Though computers are getting better and better at meeting human needs, they remain poor communicators.

Lassonde researchers are working on ways to improve AI comprehension.

Professor Hui Jiang along with visiting researcher Quan Liu won first place at this year’s CommonSense Reasoning Competition held this July in New York City.

In the Winograd Schema Challenge, the team used deep learning to train a computer to recognize the relationship between different events, such as “playing basketball” and “winning” or “getting injured,” from thousands of texts.

The Winograd Schema Challenge was proposed in 2014 as an improvement on the Turing Test, which is the current test used to evaluate a machine’s ability to exhibit intelligent behaviour equivalent to that of a human.
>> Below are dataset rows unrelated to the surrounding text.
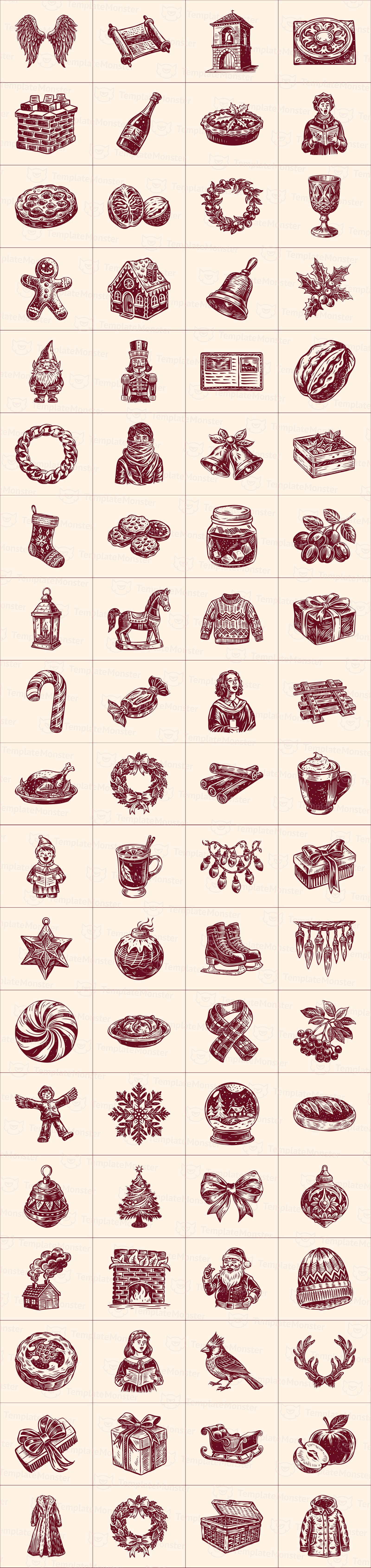 Step into a world of nostalgic wonder with this heartwarming set of Vintage Christmas Illustrations. Brimming with cozy charm, each piece is lovingly crafted to capture the magic of holiday traditions, twinkling lights, joyful characters, festive treats, and timeless decor. Whether you're designing holiday cards, branding seasonal products, or adding a retro touch to your creative projects, this collection brings the spirit of a classic Christmas to life in the most delightful way.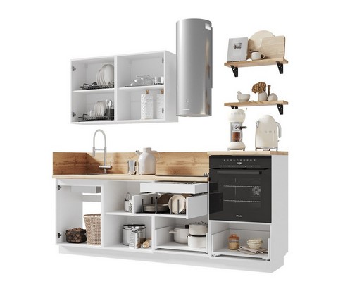 В кухонном гарнитуре 2400 Магнолия ПВХ вариант 5 коллекции Лизет каждая деталь, от премиальной фурнитуры до бесшовных поверхностей, создает кухню, которая станет не только функциональным пространством, но и источником вдохновения для всей семьи.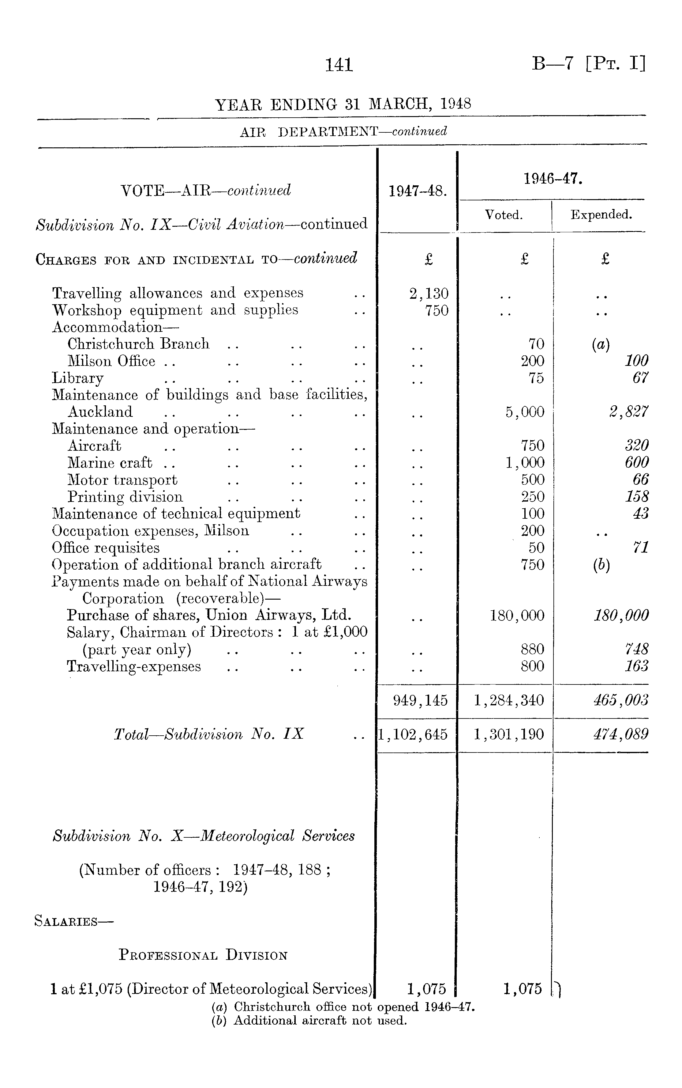 V OTE —AIR—continued 1947-48. 1946-47. Subdivision No. IX —Civil Aviation —continued Voted. Expended. Charges for and incidental to —continued £ £ £ Travelling allowances and expenses Workshop equipment and supplies Accommodation — Christchurch Branch Milson Office .. .. .. Library Maintenance of buildings and base facilities, Auckland Maintenance and operation — Aircraft Marine craft Motor transport .. .. Printing division .. .. Maintenance of technical equipment Occupation expenses, Milson Office requisites Operation of additional branch aircraft Payments made on behalf of National Airways Corporation (recoverable) — Purchase of shares, Union Airways, Ltd. Salary, Chairman of Directors : 1 at £1,000 (part year only) .. Travelling-expenses 2,130 750 70 200 75 5,000 750 1,000 500 250 100 200 50 750 180,000 880 800 (а) 100 67 2,827 320 600 66 158 43 71 (б) 180,000 748 163 949,145 1,284,340 465,003 Total —Subdivision No. IX 1,102,645 1,301,190 474,089 Subdivision No. X —Meteorological Services (Number of officers : 1947-48, 188 ; 1946-47, 192) Salaries — Professional Division 1 at £1,075 (Director of Meteorological Services) 1,075 1,075 n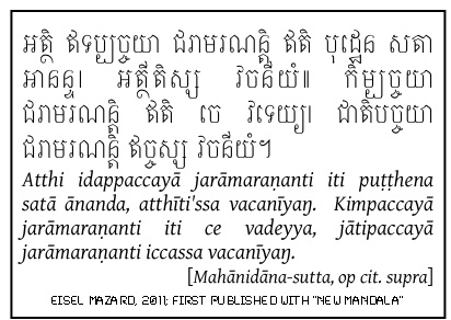 [4]. A variation of no significance: I am retaining the Khmer edition’s double-p spelling (vs. viññāṇapaccayā).

The problem with the Turing Test is that it is often easy for a program to fool a person using simple tricks and evasions. But a program cannot parse Winograd Schema or other ambiguous sentences without some form of general knowledge.

The cutting-edge work by the Lassonde team promises to create more intuitive AI interfaces in the future.

“Artificial Intelligence is one of the most exciting fields of research currently, and it’s thrilling to see Lassonde researchers doing work that’s going to transform the way we interact with machines,” said Founding Dean Kozinski.

Hui Jiang is a Professor in the Department of Electrical Engineering and Computer Science and Quan Liu is a visiting student from the University of Science and Technology of China.